• Exercise directions: Write out all the data verbatim. Skip images.
Dataset extract: Begin
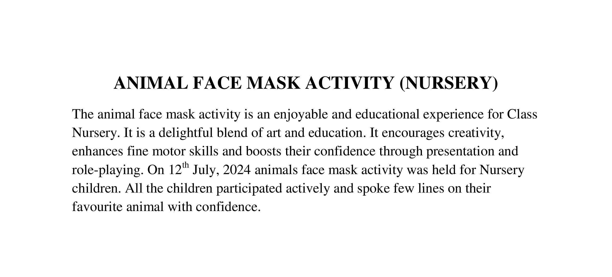 Description: On 12th July, 2024 an activity was conducted for class Nursery on the topic Animal Face Mask.
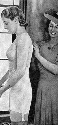 Spencer 1934 Farewell to bulging abdomen and Lordosis Curve Backline “Spare tires” – Hips and Diaphragms vanish! 1935: I lost every bulge in a Spencer of this airy fabric To lose that bulge – Spencerize! You can lose that bulge To correct that unlovely slump – Spencerize! Delightfully cool and my bulges are gone. Her mirror repeated her husband’s advice! Hips 3 ½ inches less in her Spencer I lost several birthdays when I lost these bulges I reduced my hips 3 5/8 inches in a light-as-air SPENCER “I see you lost your Lordosis Curve Backline” “Yes, thanks to my new SPENCER” |
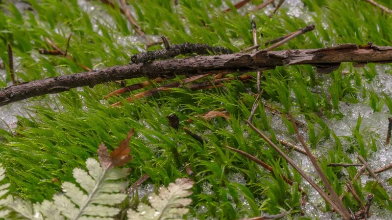 Macro time-lapse shot of shiny particles of melting snow and open green grass, branch and leaves. Change of season from winter to spring in the forest. Pro Video
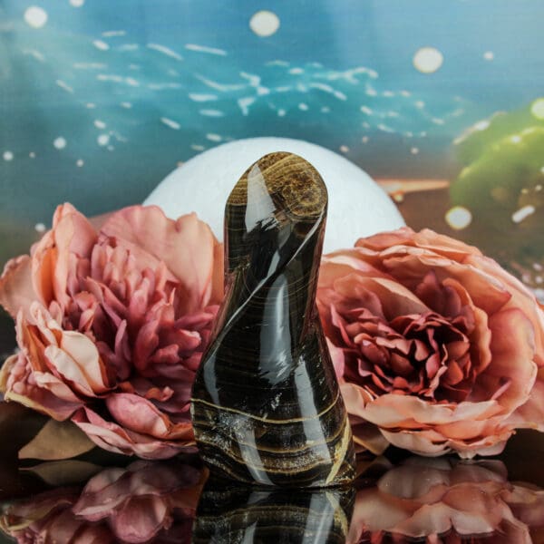Chocolade calciet vlam afkomstig uit Pakistan. De afmetingen zijn L 4,8 x B 3,2 x H 9,9 cm en het gewicht is 226 gram.
Dataset extract: End
• Reply:
 Description: On 12th July, 2024 an activity was conducted for class Nursery on the topic Animal Face Mask.
 Spencer 1934 Farewell to bulging abdomen and Lordosis Curve Backline “Spare tires” – Hips and Diaphragms vanish! 1935: I lost every bulge in a Spencer of this airy fabric To lose that bulge – Spencerize! You can lose that bulge To correct that unlovely slump – Spencerize! Delightfully cool and my bulges are gone. Her mirror repeated her husband’s advice! Hips 3 ½ inches less in her Spencer I lost several birthdays when I lost these bulges I reduced my hips 3 5/8 inches in a light-as-air SPENCER “I see you lost your Lordosis Curve Backline” “Yes, thanks to my new SPENCER” |
 Macro time-lapse shot of shiny particles of melting snow and open green grass, branch and leaves. Change of season from winter to spring in the forest. Pro Video
Chocolade calciet vlam afkomstig uit Pakistan. De afmetingen zijn L 4,8 x B 3,2 x H 9,9 cm en het gewicht is 226 gram.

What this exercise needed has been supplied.